Gardening At Every Age
Tips and fun plant projects for toddlers, schoolagers and preteens
By: Yvonne Cunnington
Average User Rating:
Image Courtesy of:
Many avid gardeners will tell you that their life-long love of plants and nature took root in their parents' or grandparents' gardens. When you share your love of gardening with children, you are planting the seeds of a lifelong passion. You can nurture that budding interest by keeping the focus on fun. So take a break from the mowing and weeding for a little while and spend some time down in the dirt with your kids. Here are some activities you'll both enjoy.
Ages 2-3: Kids this age love mucking with soil – just digging a hole and filling it with water is an adventure. While it's too early for them to handle plants, kids at this age are enthralled by worms, bugs and butterflies. Think about installing a toad house. Show them what plant roots look like by pulling a few weeds. Let them help with a pint-sized watering can. Just be sure you're always on the spot: toddlers can easily go too far "helping," pulling out every annual that you've just planted.
Ages 4-5: For kids in this age group, gardens make great playgrounds. Encourage secret hide-a-ways, such as forts made from giant sunflowers, or a teepee enclosed with climbing pole beans. Let them pick some flowers and dismember them - try bleeding hearts, snapdragons and daises. Give them their own kid-sized tools and a spot to dig and water. Show how plants start from sprouted seeds. Help them sow some large seeds in pots - radishes and marigolds, for example - so they can experience the birth of a plant close up.
Ages 6-7: Kids this age are ready for their own small 4x4-foot patch where they can grow annual flowers and veggies. Let them choose the plants, but encourage choices that are easy and fast-growing. Give them wooden plant tags and pencils to make plant labels. Another fun project: building a scarecrow. Remember that "doing" is the important part, so relax your standards: crooked rows and a few weeds are ok; so is mixing and matching with abandon. As bees, butterflies and insects visit the plants, show kids that these too belong in the garden. Insects pollinate flowers and are food for birds and other animals; even pests are interesting to watch and learn from.
Ages 8-10: Kids' involvement in the garden can be more sophisticated now. They can pore over garden catalogues or visit the nursery with you to make their own choices. Try a family project like planting a pizza garden. Kids at this age can even enter their flowers and veggies into the local fairs or community events. You can also ask them to help with garden chores like weeding and fertilizing, but be sure to join in - many hands make light work. If you're doing an outdoor project, like building a patio or an arbor, you may even be able to press your kids' friends into service.

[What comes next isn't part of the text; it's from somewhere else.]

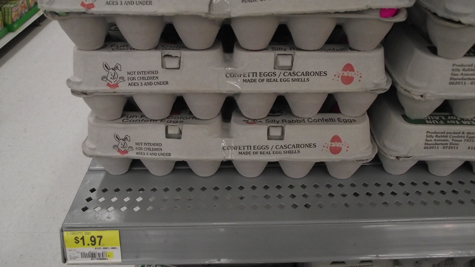 Lo asombroso es que los huevos fictisios que solo contienen confetti cuestan 9 centavos mas caros que los reales, que como todos sabemos contienen fetos de pollo. Los huevos falsos son puro desperdicio, monetariamente hablando, en cambio los reales al menos son alimento. Para mi eso es ilogico, ustedes que piensan?

Ages 11-12 and beyond: Kids this age may be budding chefs who like to cook with home-grown produce, or they may be emerging naturalists or florists. Good projects for this age are theme gardens. Gardens are the perfect living laboratory for school projects on nature and ecology. By donating extra vegetables from the garden to the local food bank, you introduce kids to the satisfaction of helping others and you encourage a habit of community involvement. Kids who learn to appreciate plants and cared-for landscapes from a young age will mature into teens that are respectful of people, trees and properties in the community. Some kids even start their own summer garden businesses, mowing neighborhood lawns, selling homegrown flowers, or taking care of flowerbeds.